WORK TO BE COMPLETED: The whole listing below needs to be duplicated exactly, pictures aside.

DATA:
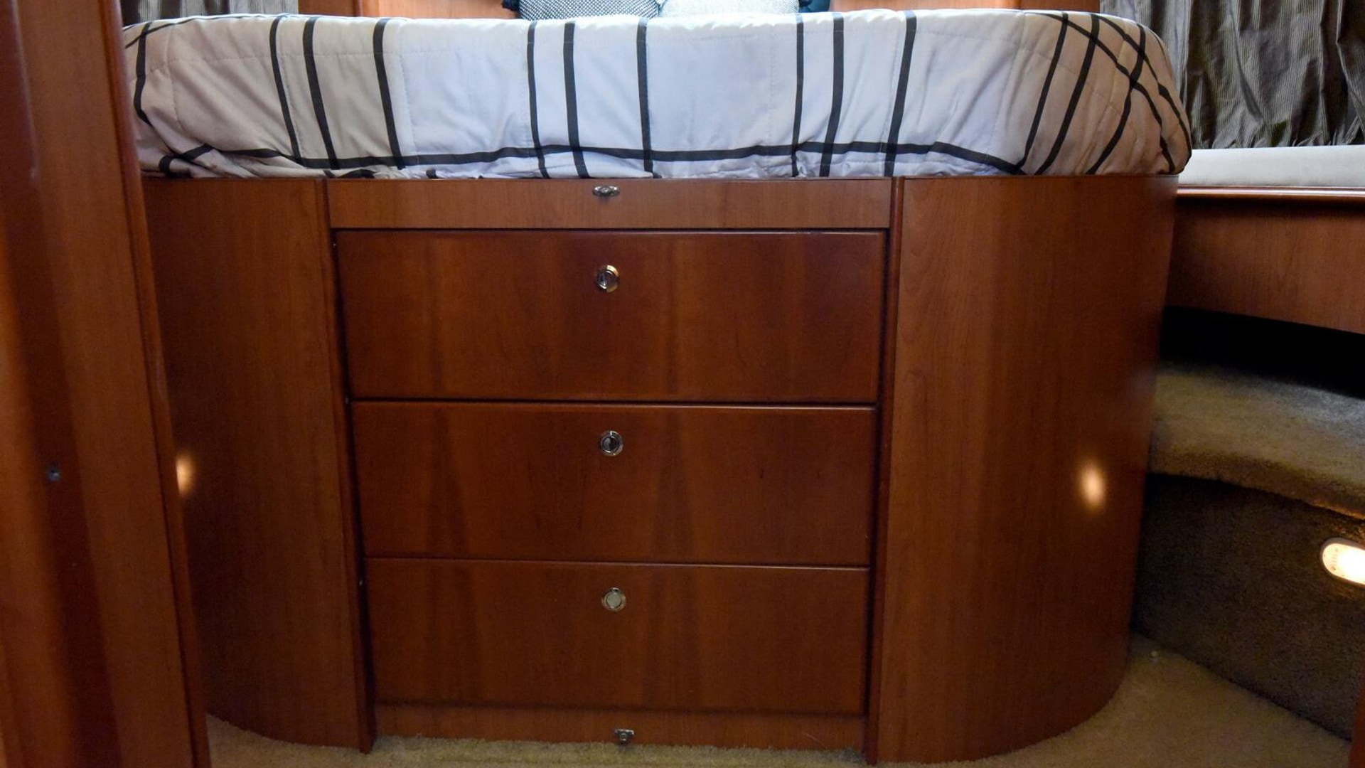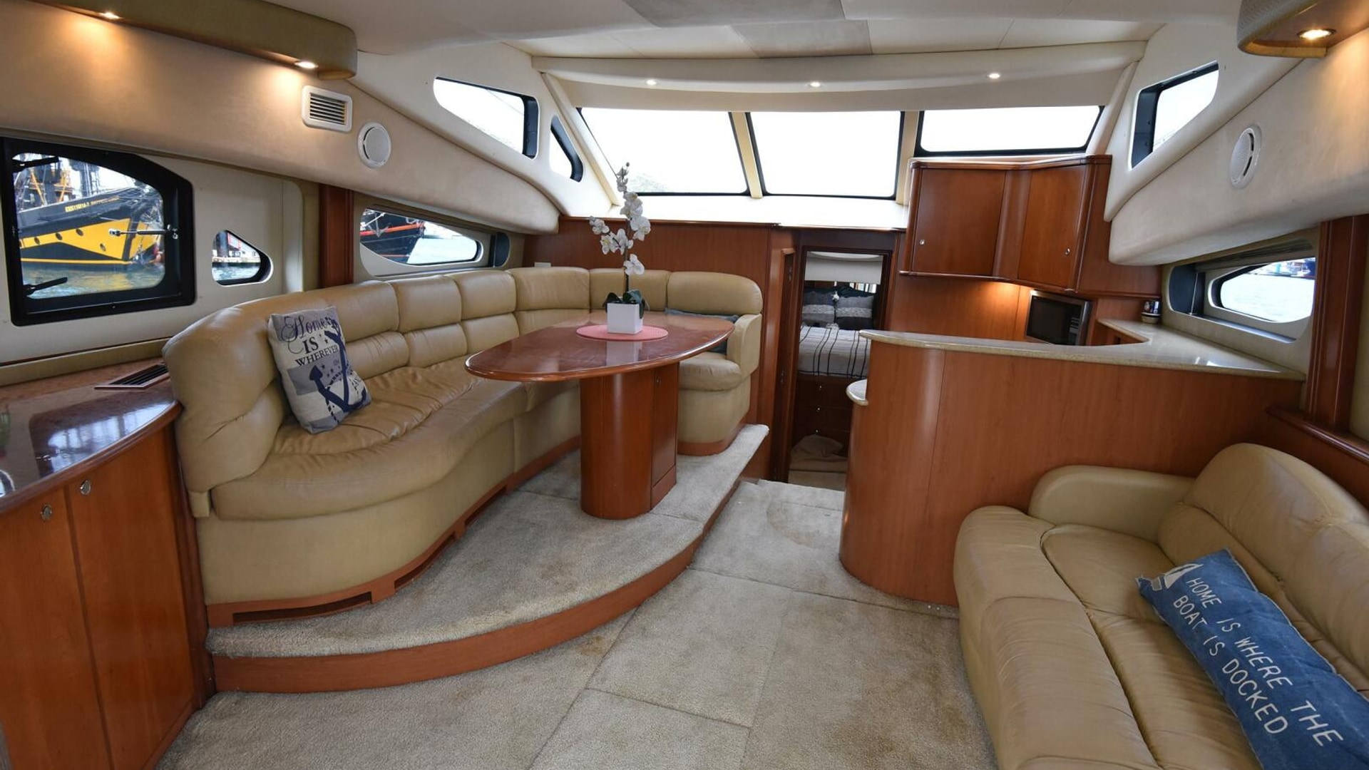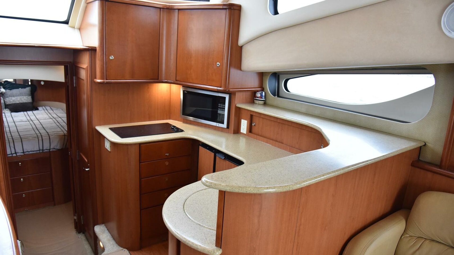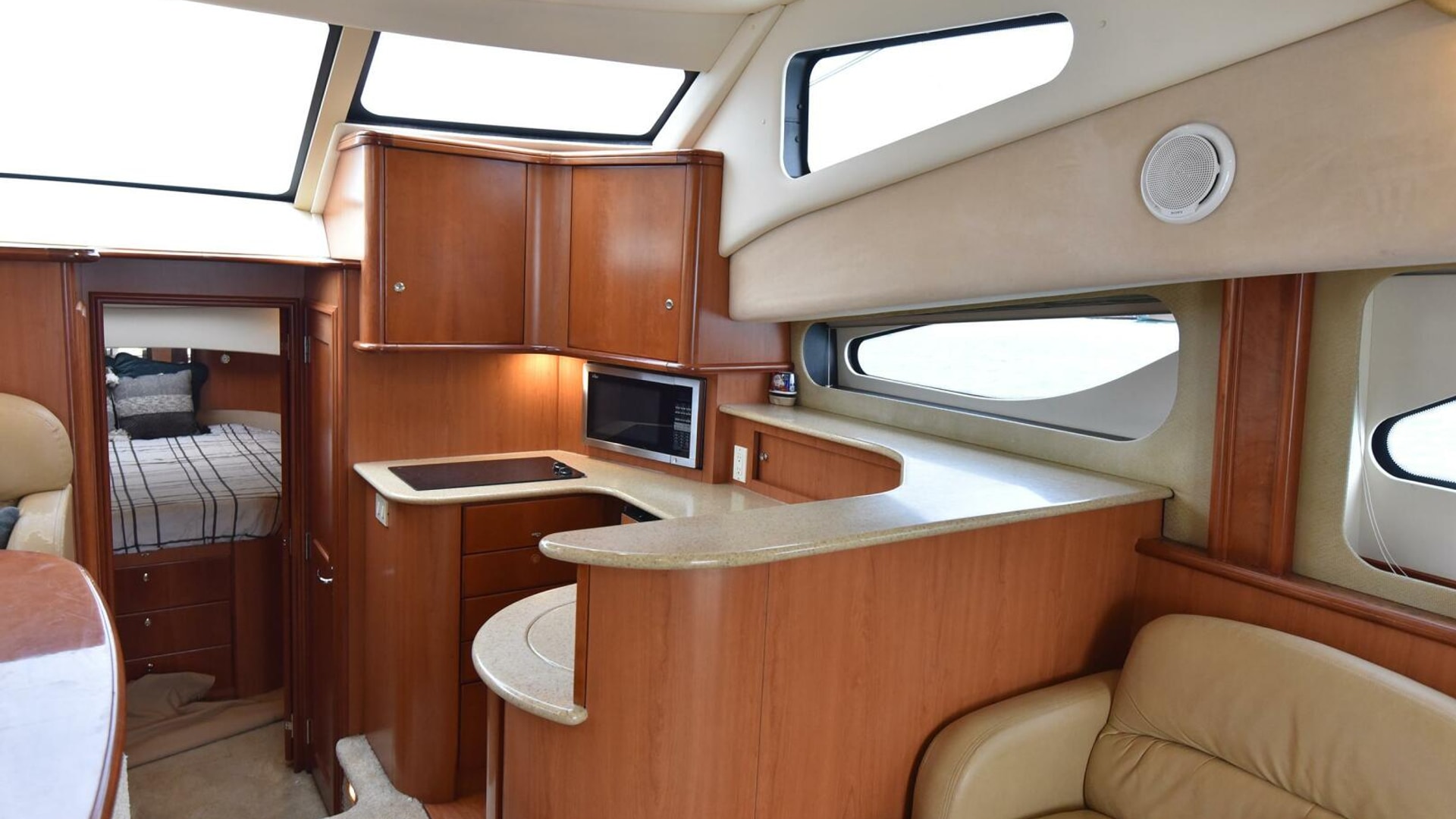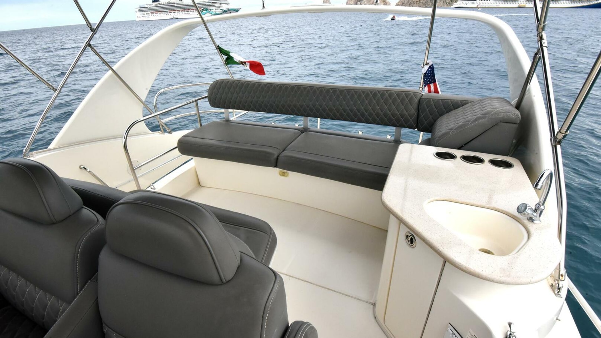Powered for reliable cruising and equipped with a bow thruster, PURA VIDA makes docking and close-quarters maneuvering simple and stress-free. Her handling is smooth and responsive, providing a confident and comfortable ride. From the elevated bridge, you’ll enjoy excellent visibility and an open-air helm that enhances the overall cruising experience. Once up on plane, she runs quietly and efficiently, reflecting Silverton’s attention to hull design and engineering.
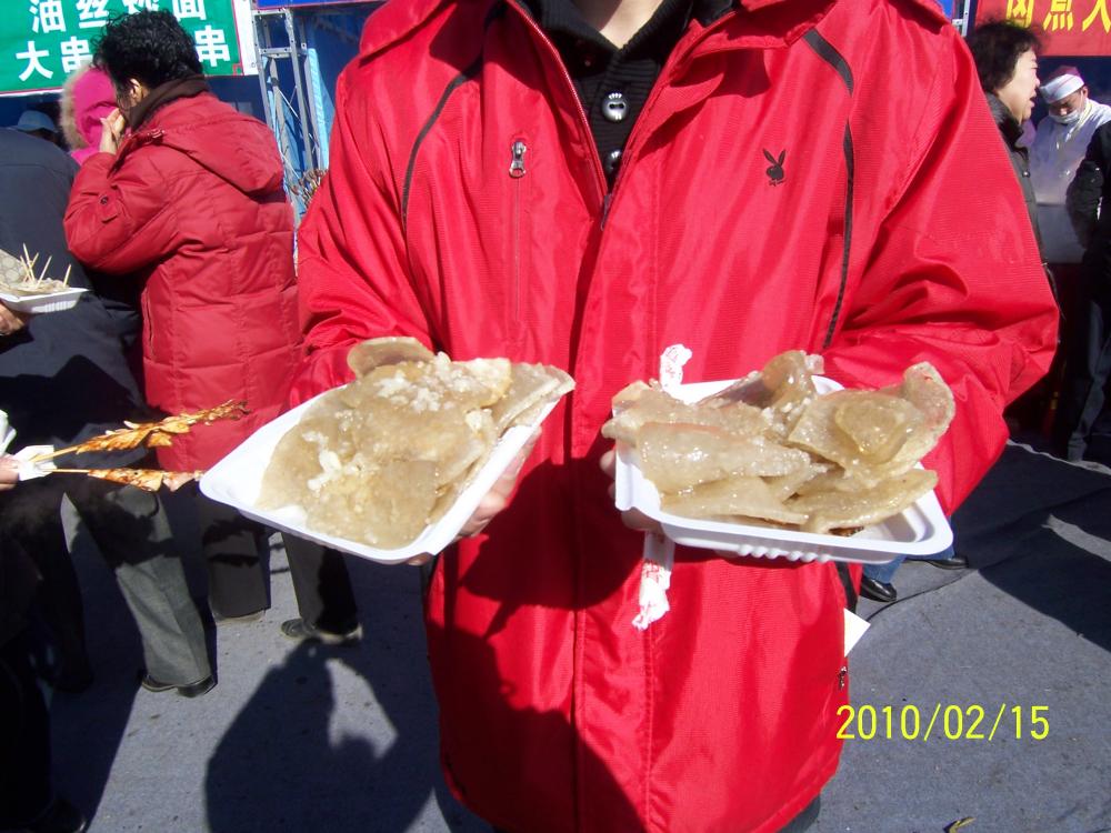 北京小吃--灌肠,说是肠,其实是用淀粉做成肠状,上锅蒸熟,切成片用油煎后浇上盐水蒜汁,用牙签扎着吃,外焦里嫩
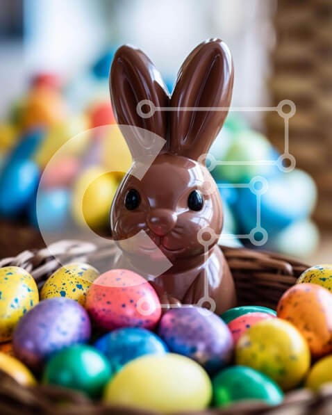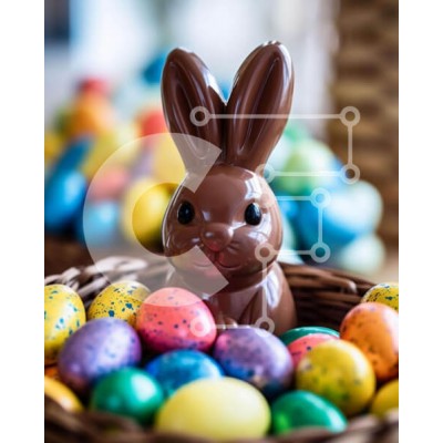 Υπάρχει δυνατότητα προσωποποίησης με δική σας φωτογραφία και προσαρμογής διαστάσεων κατόπιν παραγγελίας. Το συγεκεριμενο Puzzle 10x10 cm – 25 κομμ παρουσιαζει Αυτή η εικόνα παρουσιάζει ένα σοκολατένιο κουνελάκι που κάθεται στη μέση ενός πασχαλινού καλαθιού γεμάτο με πολύχρωμα αυγά. Υπάρχουν διάφοροι διαφορετικοί τύποι χρωματιστών αυγών, όπως κόκκινο, κίτρινο, πράσινο και μπλε, που το καθιστά ιδανι

WRITTEN ANSWER:
Powered for reliable cruising and equipped with a bow thruster, PURA VIDA makes docking and close-quarters maneuvering simple and stress-free. Her handling is smooth and responsive, providing a confident and comfortable ride. From the elevated bridge, you’ll enjoy excellent visibility and an open-air helm that enhances the overall cruising experience. Once up on plane, she runs quietly and efficiently, reflecting Silverton’s attention to hull design and engineering.
 北京小吃--灌肠,说是肠,其实是用淀粉做成肠状,上锅蒸熟,切成片用油煎后浇上盐水蒜汁,用牙签扎着吃,外焦里嫩
 Υπάρχει δυνατότητα προσωποποίησης με δική σας φωτογραφία και προσαρμογής διαστάσεων κατόπιν παραγγελίας. Το συγεκεριμενο Puzzle 10x10 cm – 25 κομμ παρουσιαζει Αυτή η εικόνα παρουσιάζει ένα σοκολατένιο κουνελάκι που κάθεται στη μέση ενός πασχαλινού καλαθιού γεμάτο με πολύχρωμα αυγά. Υπάρχουν διάφοροι διαφορετικοί τύποι χρωματιστών αυγών, όπως κόκκινο, κίτρινο, πράσινο και μπλε, που το καθιστά ιδανι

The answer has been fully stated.